Sacramento Launches Controversial Program To Track Citizen's Social Media Posts
One California city is touting the early results of a new program allowing leaders to keep tabs on the local issues being discussed among residents online.
As KOVR reported, though, the social media monitoring service has also sparked backlash among some critics who see the potential for abuse of personal information.
West Sacramento Mayor Christopher Cabaldon defended his city’s first-in-the-nation introduction of Zencity, a keyword monitoring program, last year.
He said city officials are now able to pinpoint areas of concern among residents earlier than if they waited until people started complaining in person. Shortly after it was rolled out, he said the system alerted the city to a rash of mailbox thefts.
“We saw the thing that most people were talking about were mailbox thefts,” Cabaldon said. “That’s something that we might not have noticed just by waiting for people to come to city hall or filing a complaint.”
The system scans public posts on popular social media sites like Facebook, Instagram and Twitter.

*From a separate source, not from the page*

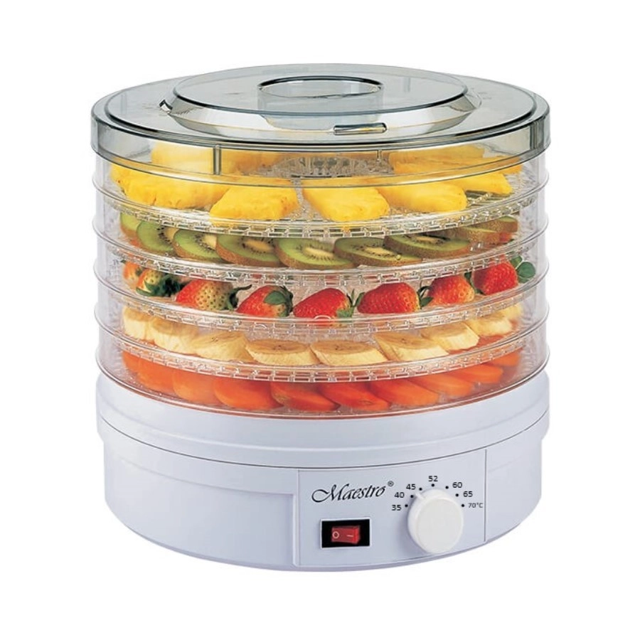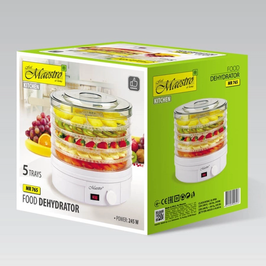 Сушилнята Maestro е оборудвана с 5 тавички с диаметър 32 cm, които позволяват сушене на голямо количество продукти наведнъж.

Cabaldon said the system then “uses artificial intelligence to spider through it and see, OK, what are people talking about, what are the key words, what are the key themes, what are the key topic areas.”
The data also determines whether the discussion on a particular topic is generally positive or negative.
Based on that information, he said city leaders receive a monthly report providing “feedback about the sentiment of the community.”
While Cabaldon points to several issues he said were addressed more quickly because of this added information, privacy advocates are concerned that this program will follow the trajectory of some other tech companies.
Companies like Facebook and Google have long been criticized for the secretive and invasive methods by which they collected and stored user data.
The use of artificial intelligence alone in a system like this is enough to worry the Electronic Frontier Foundation’s Peter Eckersley.
“There are ways this could go wrong,” he said. “Once you get into policing there are many more potential concerns around the use of artificial intelligence.”
Cabaldon dismissed such concerns as they apply to Zincity, though, insisting the program does not access personal information.
“There’s no privacy issues because we’re not opening up anything that hasn’t already been published publicly for the purposes of being published,” he said.
The system is being used to supplement existing forms of civic engagement with positive results thus far, Cabaldon said.
“It allows us to hear the whole community and not just the loudest voices,” he said.
Nevertheless, it is the perceived threat of future abuses that leaves some residents uneasy.
“What we’re seeing is these tools are being rolled out in secret without the proper safeguards to prevent abuse,” said Matt Cagle of the American Civil Liberties Union.
When news of such a controversial program surfaces, he said it is “really important to have a conversation about how this tool works and to put the burden on the government and the city council to explain exactly what it’s going to be used for.”